Sedat Dönmez
Sedat Dönmez TÜRKİYE’YE EKONOMİ PAYLAŞIMI GEREKLİ

TÜRKİYE’YE EKONOMİ PAYLAŞIMI GEREKLİ

Bugün Türkiye’de en çok hangi ilde yaşamak istersiniz sorusuna en çok verilen cevap İstanbul ve İzmir oluyor. Gerek çalışan şartları gerekse iş imkânlarının genişliği insanları özellikle İstanbul’a yönlendiriyor. İzmir gerek tatil bölgesi olması, gerek iklim şartlarıyla üstün gelirken İstanbul her açıdan insanlara cazip geliyor. Üretim, inşaat, eğitim, tekstil, eğlence, finans, spor ve daha sayabileceğimiz birçok sektör için İstanbul merkez oluşturuyor. Tabi ki bu durum şehirlerin nüfus kapasitelerini ciddi anlamda etkiliyor. Şehirler bir süre sonra nefes alamaz duruma geliyor. Oysa ülke olarak bu ekonomiyi paylaştırma imkânımız çok yüksek. Hemen hemen her bölgemiz ve şehrimiz kendi ekonomik potansiyelini oluşturacak güce sahip. Ancak biz ülke olarak tüm yükü İstanbul ve İzmir’e yükledik devam ediyoruz. Günü kurtarırken uzun vadede oluşabilecek kaosa sırtımızı dönüyoruz. Durumun ne kadar farkındayız bilmiyorum ama İstanbul artık ülkenin yükünü çekmekte ciddi anlamda zorlanıyor. Hem nüfus olarak yaşadığı kaos hem de ülkenin ekonomi lokomotifi görevi şehri yorgunlaştırıyor.
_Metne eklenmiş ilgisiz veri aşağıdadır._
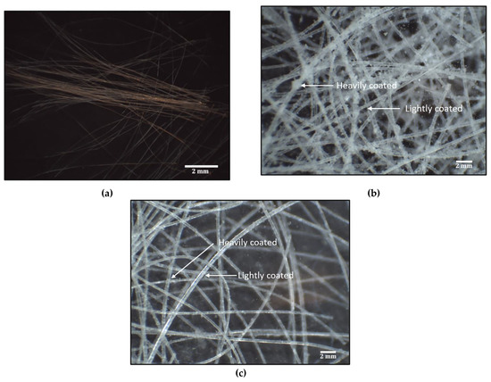 Figure 15 shows a preliminary investigation on the coated fiber samples using optical microscopy. A scale bar is also included in the images. Figure 15a shows virgin untreated polypropylene fibers without any coating, Figure 15b shows polypropylene fibers treated with metakaolin coating, and Figure 15c shows silica fume-coated polypropylene samples. Visually in Figure 15b,c, it appears that the fiber is uniformly coated either heavily or lightly with the SCM. Even distribution and uniformity of pozzolan material is further investigated under an SEM in Section 3.5.
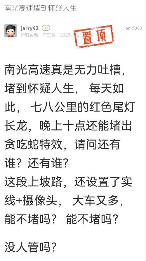 18. 帖文《南光高速堵到懷疑人生》
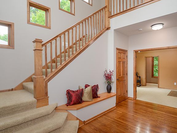 First time offering of this executive two-story set on a private .57-acre lot! Custom-built by Lundgren Homes, this property showcases pride of craftsmanship and ownership throughout—genuine wood floors, millwork and doors, Andersen Low-E Argon windows, custom built-ins, two fireplaces and inviting front and rear porches. The welcoming covered concrete porch leads into a two-story vaulted entry filled with natural light. The open main floor features both formal and informal dining, a well-designed home office, and a cozy three-season porch overlooking the expansive yard. Upstairs you’ll find four generous bedrooms and laundry, with a wonderful owner’s suite to enjoy. The walkout lower level with poured concrete walls, rough-in bath, and high ceilings offers great storage and flexible use now and expansion potential to over 4,100 finished sq. ft! A new roof (2019), and with an acceptable offer, new carpet and a home warranty offer peace of mind. Mature trees, beautiful fall color, and a convenient location close to dining and shopping make this an opportunity you don’t want to miss!
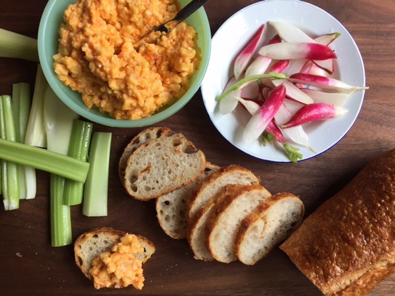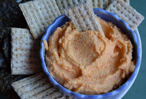 The result was a cheery spread that I've now made twice since we came home last week from vacation. I guess we kind of like it. Try it pimento cheese with Triscuits or pretzels.

Farkında değiliz ancak İstanbul’a doğru yaşanan göç aynı zamanda bir beyin göçünü de beraberinde getiriyor. Özellikle Konya gibi büyüme çabası içerisinde olan şehirler düşük personel ücretlerinden dolayı kaliteli insan kaynağını elinden kaçırıyor. Durum böyle olunca kaliteli beyinler hakkını aldıkları yerlere giderken büyük kapasiteli işletmeler ise kaliteli personel yokluğundan şikâyet ediyor. Peki, neden ülkedeki ekonomik sorumluluğu şehirlere kontrollü şekilde yayarak ülkece kalkınma yoluna gitmiyoruz. Bugün Uşak, Denizli bir tekstil merkezi haline gelebilecek potansiyele sahipken neden fason üretici pazarı haline geliyor. Neden finans merkezlerimi batıda Bursa, Yalova, Çanakkale’ye doğru genişlerken İç Anadolu’da Karaman, Aksaray, Eskişehir doğuda Erzurum, Diyarbakır, Elazığ gibi şehirlere yayılmıyor. İç Anadolu, özellikle ciddi bir tarım ve hayvancılık alanıyken neden inşaat sektörü hâkimliğini koruyor da tüm dünyaya ürün satan bir tarım bölgesi olmuyor. Tarihi anlamda hepsi önemli şehirlerimiz neden kültür ve sanatın lokomotifi olmuyor. Birçok ilimiz eğitim merkezi olabilecek potansiyele sahipken neden hala eğitimin merkezi İstanbul. Yedi bölgesi de ayrı ayrı katma değerli ürünler ortaya çıkaracak bir ülke olarak sadece tek şehre sıkışmış durumda ekonomimizi ayakta tutma çabası içerisindeyiz. Oysaki diğer bölge ve şehirlere yapılacak yatırımlar ve yönlendirmeler ülkemizi ekonomik anlamda çok farklı noktalara taşıyabilir. Tüm bölgelerimizde refah seviyesinin yükseleceği adımlar atılabilir.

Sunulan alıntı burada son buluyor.